FPIs have sizeable stakes in private banks, technology companies, and large-cap companies like Reliance Industries. The US accounts for a major part of FPI’s investments at Rs 17.57 lakh crore as of May 2022, followed by Mauritius Rs 5.24 lakh crore, Singapore Rs 4.25 lakh crore and Luxembourg Rs 3.58. lakh crore, according to data available from the National Securities Depository Ltd. (NSDL).
Will the rupee fall further?
The rupee continued to depreciate beyond the general expectation of a gradual weakening despite the RBI selling its forex kitty dollars to stabilize the currency. At current dollar and spot rupee levels, year-end futures prices have moved above their projection of 79 per dollar by the end of 2022, according to a report from Bank of America Securities. “We believe the risks are still biased towards further rupee depreciation as the fundamental outlook has deteriorated further mainly due to rising oil and other commodities. We have adjusted our higher projection from 79 currently to 81 per dollar by the end of 2022. However, we see strong RBI reserves as a mitigating factor against tail risks,” he said.
Rising inflation in the US, rate hike concerns and stock market decline are weighing on sentiment for the rupee. On the other hand, further rate hikes by the Federal Reserve will lead to further outflows from foreign portfolio investors.
What should investors do?
If FPIs continue to exit and there is a drop in retail and DII participation, which market participants have noted in the recent past, equity markets may see a further correction. However, while other markets may further correct current levels, experts say investors should stick with their existing investments in domestic stocks.

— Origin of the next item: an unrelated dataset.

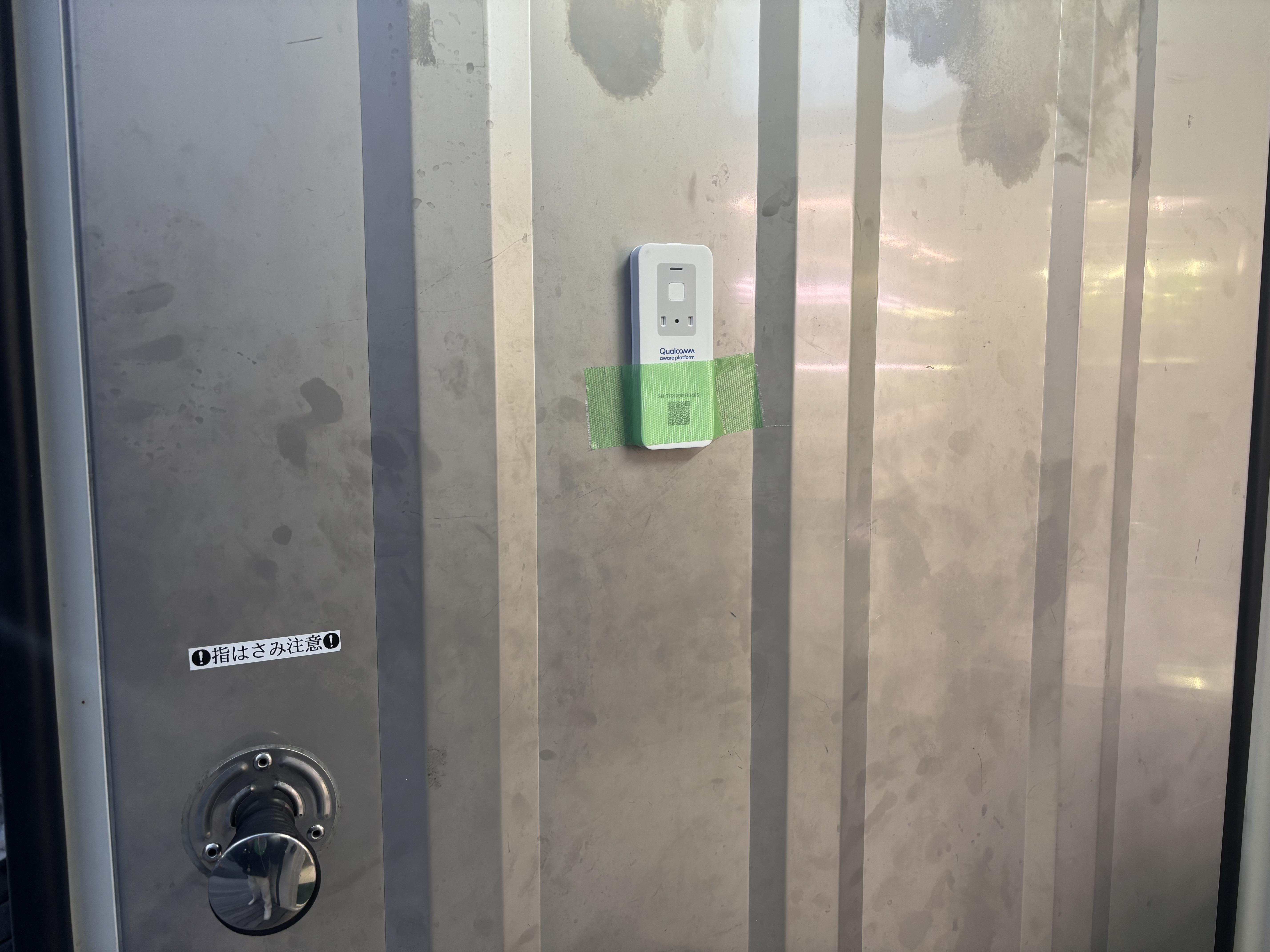 実運用を想定し、屋外設置のコンテナ内部にセンサー端末を設置。日没前後の明るさの変化や、ドアの開閉に伴う照度変化の計測を行いました。

“Although weakness is likely to continue in the markets, investors should not be looking to redeem their holdings in the current market. They should stay with them as a pick-up in economic activity, which is underway and could pick up steam in the next year or two, would result in future revival of markets and therefore gains for investors. ”, said the CIO with an asset management company. He further said that investors should not opt for lump sum investments and instead should continue with the systematic investment plan mode.